Eu tenho dúvida se esses espaços alternativos de discussão que a internet oferece têm alguma efetividade. Primeiro, porque eles operam dentro de um nível de abstração e de imagem. Os movimentos de 2013 de mobilizações populares, por exemplo, se esvaziaram dentro das redes sociais. Eles entraram para as redes sociais e ali foram absorvidos. Eu tenho dúvida se os blogs e os grupos de oposição na internet algum dia irão virar movimento de massa. A gente tem a massa sem a massa, porque eles se desgastam, ficam reverberando ecos e nunca se transformam em uma efetiva atitude política. Você desabafa ali, xinga todos os políticos e fica nisso mesmo. É um tema curioso para a gente entender. A gente vai ter que observar melhor qual é o efeito brochante desse aparato todo de imagens, abstrações e vazios, como isso atua.
“Tenho dúvida se esses espaços alternativos de discussão que a internet oferece têm alguma efetividade. Os movimentos de 2013 de mobilizações populares, por exemplo, se esvaziaram dentro das redes sociais”
Esse aguçamento na sociedade, por outro lado, não teria algo de positivo?

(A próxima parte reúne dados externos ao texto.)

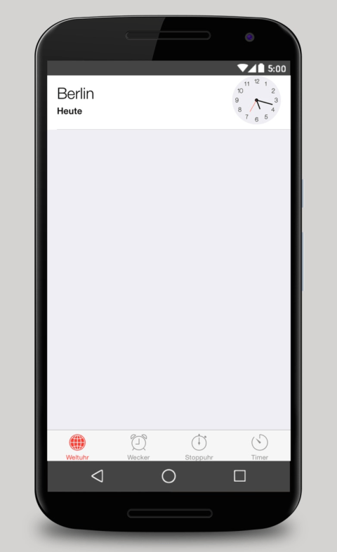 Du möchtest schon lange die iOS 8 Clock auf deinem Android Handy benutzen? Du findest die iOS 8 Clock flach und schön designed? - Das Warten hat ein Ende! Mit der neuen iOS 8 Clock steht dem iPhone Feeling nichts mehr im Wege. Ein kurzer Einklang, warum iOS so beliebt ist: "Nichts, was wir je gemacht haben, sollte einfach nur schön aussehen. Denn das würde bedeuten, die Sache falsch herum anzugehen. Stattdessen ging es uns bei der Überarbeitung von iOS darum, etwas zu schaffen, das viel einfacher, nützlicher und besser ist – und trotzdem auf dem aufbaut, was die Leute an iOS lieben. So hat am Ende die Überarbeitung der Funktionsweise zum neuen Design geführt. Denn Design ist nur dann gut, wenn es auch gut zu benutzen ist. Einfachheit wird oft mit Minimalismus gleichgesetzt. Doch Einfachheit ist viel mehr, als auf unnötige Funktionen oder überflüssigen Schnickschnack zu verzichten. Es geht darum, dass du die richtigen Dinge an der richtigen Stelle hast, wenn du sie brauchst. Es geht darum, Ordnung in ein komplexes System zu bringen. Und es geht darum, etwas zu schaffen, das einfach immer und überall funktioniert. Wenn du etwas zum ersten Mal in die Hand nimmst und trotzdem gleich weißt, wie es zu bedienen ist – das ist Einfachheit. Für uns ist der Nutzen einer Sache immer das Wichtigste. Wir fügen Features nicht einfach hinzu, weil wir es können oder weil es technologisch möglich ist. Wir integrieren neue Features nur dann, wenn sie wirklich nützlich sind. Und nur so, wie es wirklich sinnvoll ist. Das neue Kontrollzentrum in iOS 8 ist ein gutes Beispiel dafür. Mit einmal Streichen ist alles da, was du oft schnell erledigen willst.[...]" Erhalte nun all dies auf deinem Android Smartphone - es ist nur einen klick entfernt. Nichts wird dich davon abhalten, denn es ist kostenlos. WILLKOMMEN IN EINER NEUEN DIMENSION - IN MEHREREN UM GENAU ZU SEIN. Designed by FPF Inventions Ltd. Diese App befindet sich noch im Alpha Stadium - Es kann sein, dass auf machen Mobilen High End Geräten das User Interface noch nicht funktioniert. Wir arbeiten an der Verbesserung. iOS and all iOS Logos and texts are trademarks of apple inc.

É muito positivo, claro. A minha indagação é se esta mobilização é a imagem de uma mobilização, ou se ela é uma mobilização efetiva. Se ela for a imagem de uma mobilização, ela não mobiliza nada. Só a internet vira uma repetição, em que um fala, o outro concorda, discorda, se transforma em um viral e acabou, isso se esgota ali. Por isso acho que a reflexão sobre o que é uma abstração é, hoje, a reflexão que a gente precisa levar aos nossos alunos de comunicação. Uma abstração é a subtração do sentido, você tira o significado e sobra ali uma imagem vazia. A palavra imagem é boa para isso, embora ela seja também muito ambivalente, já que nós já tivemos imagens que causaram mudanças mundiais. A questão é, se nesse suporte tão abstrato quanto a internet, essas imagens levantam os corpos. Se as pessoas vão deixar as suas zonas de conforto para atuar. Acho que a disposição para isso tem sido cada vez menor.